Please continue to keep MIL in your prayers; as I mentioned earlier, she's at home, but is having a lot of trouble breathing at nighttime (has asthma) -- she went to her asthma doctor today, and he said that it's not the asthma that's giving her the trouble; she also has a lot of fluid in her legs and feet too ...
But I know that the God that we serve is able to do exceedingly, abundantly more than we could ever ask or think, so I know that she will continue to get better, stronger, and healthier!!

I have a doctor's appointment next Monday, and since I have gained since my last visit, I'm gonna really hang in there and eat well for the rest of the week, and plan to get another month of phen from her -- Hot, hot weather on the East Coast, and a lot of us have been experiencing terrible storms as well; hang in there everyone, continue to eat good and drink lots of water, and have a great tomorrow, as DULA would say, on purpose!! :)

Melinda00
June 10th, 2008, 11:05 AM
I did it!!! I met my second mini goal.. I am down to 169 as of today. I guess TOM took some weight as he left again this month. I was starting to get a little discouraged because i didn't think i would reach my goal of 170 before vacation. I think i might have found out what got me over the hump though. I forgot to take my phen on friday and ate some extra calories. The last time i forgot to take my phen for a day i found that i had also lost 4 ibs within a couple of days of consitantly taking it. I don't know it might just be me but it has happened twice now.

CDCreations
June 10th, 2008, 03:40 PM
Congratulations Melinda00, way to go, proud of you!!!
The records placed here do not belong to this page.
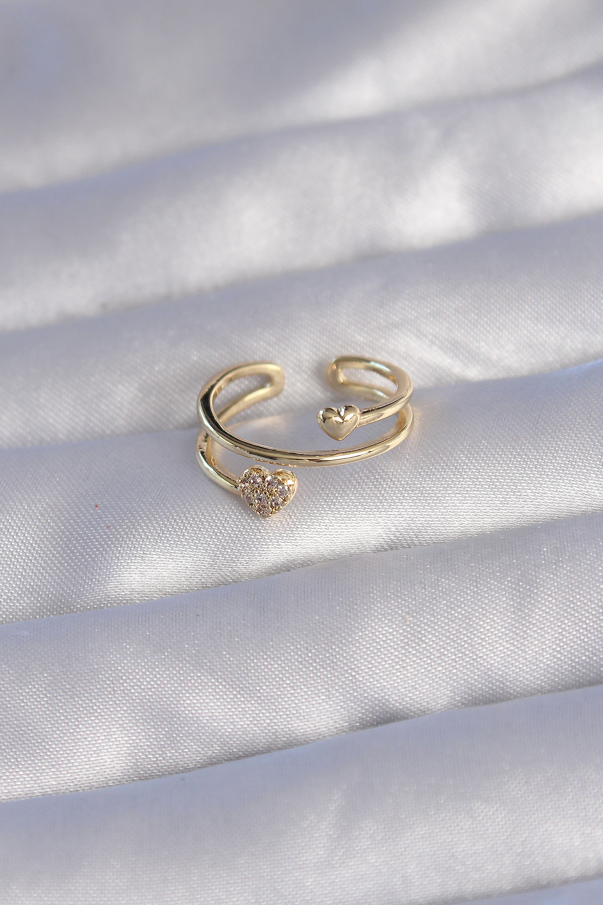 Pirinç Gold Renk Zirkon Taşlı Kalpli Model Ayarlanabilir Yüzük
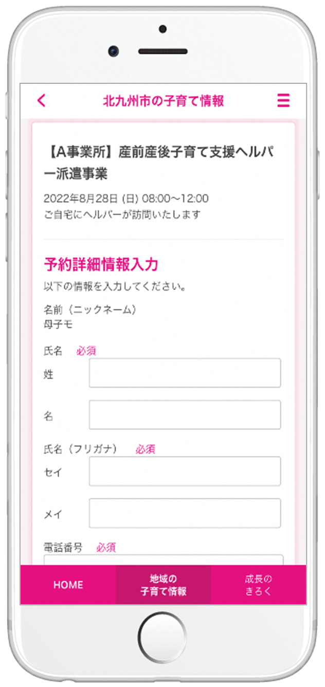 『きたきゅう子育て応援アプリ』各ページの下部にある「地域の子育て情報」メニューを押し、表示された画面の「産前産後子育て支援ヘルパー派遣事業」のバナーを選択します。予約ページが表示されたら、利用を希望する日時を選択し、氏名や連絡先、希望する援助内容などを入力して予約します。予約後に、ヘルパー事業所の担当者から電話が入り、電話で予約内容の確認後、予約が完了します。
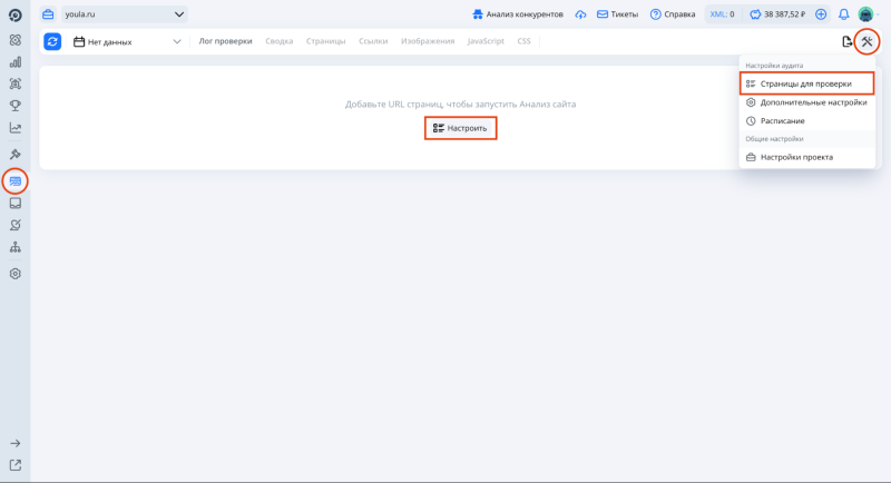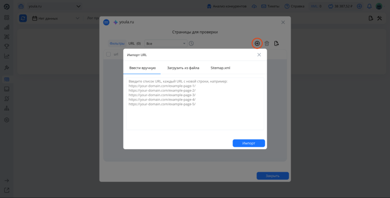 Домен можно ввести в любом формате. В выпадающем списке появится нужный сайт или страница – на него нужно кликнуть.

Hello all! Well, I'm pleased as punch to report that my weigh-in this morning is 213, yes!!! Don't know how I lost over this past weekend, as I was eating a lot of stuff, but I guess with the exception of one or two things, it was healthy foods I was eating. My menu so far today:
Cut-up cantalope
3 Eating Right crackers
One apple breakfast bar
Low fat/low carb plain yogurt
1/2 turkey/cheese/lettuce/di'jon mustard sandwich on WW wheat bread (will eat that later)
A few sweet potato french fries (will eat that later)
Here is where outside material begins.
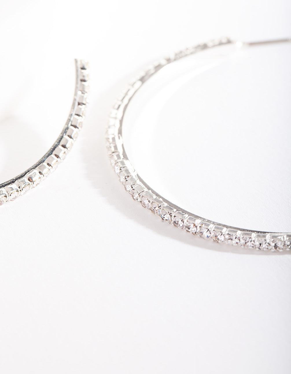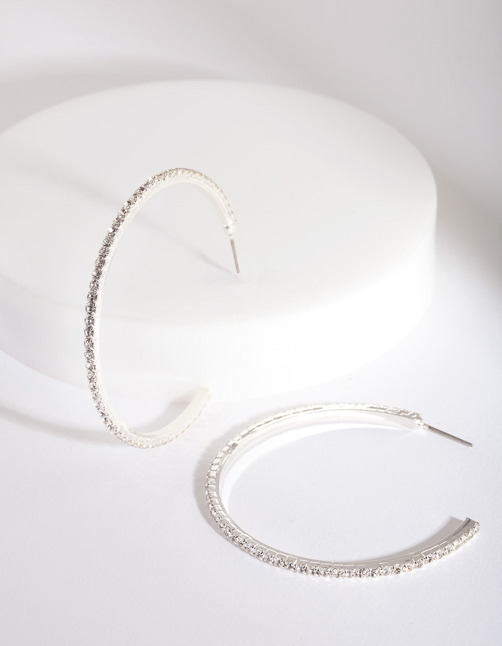 A fun pair of fashion earrings are an easy way to spice up your daily ensembles! These silver-toned hoop earrings boast a diamante embellished design.

Pushing the water, and this evening, I plan to do 40 minutes on my bike, my crunches, and also a minute or two of pushups (I read in the "Fit" portion of my daily subway newspaper that pushups are the single, best form of exercise to do to get the trim look for the arms and upper body, so I'm gonna give it a try, I plan to do them every other day) --

Hope everyone is doing great and drinking lots of water today!!

benson012094
June 11th, 2008, 07:06 PM
COngrats Melinda!! Good for you.

I haven't weighed myself this week. I just keep forgetting to do it in the morning and by the time I think about it, it's already late in the day. Thanks for the remainder CD, I'm gonna go drink some water now!

CDCreations
June 11th, 2008, 11:37 PM
COngrats Melinda!! Good for you.

I haven't weighed myself this week. I just keep forgetting to do it in the morning and by the time I think about it, it's already late in the day. Thanks for the remainder CD, I'm gonna go drink some water now!

No problem Benson012094!! Around my office, I'm known as the "water patrol lady," reminding everyone to drink that water!!!

Melinda00
June 23rd, 2008, 11:21 AM
Hey everyone. Well i am back from vacation. We had a great time. If anyone is looking for a realaxing vacation i reccomend sanibel island. It was a little paradise. You should check out my vacation pics on myspace.
I weighed in this morning and not only did i not gain any weight while i was gone but i lost two pounds. My new weight as of today is 167. Only 37 ibs to go.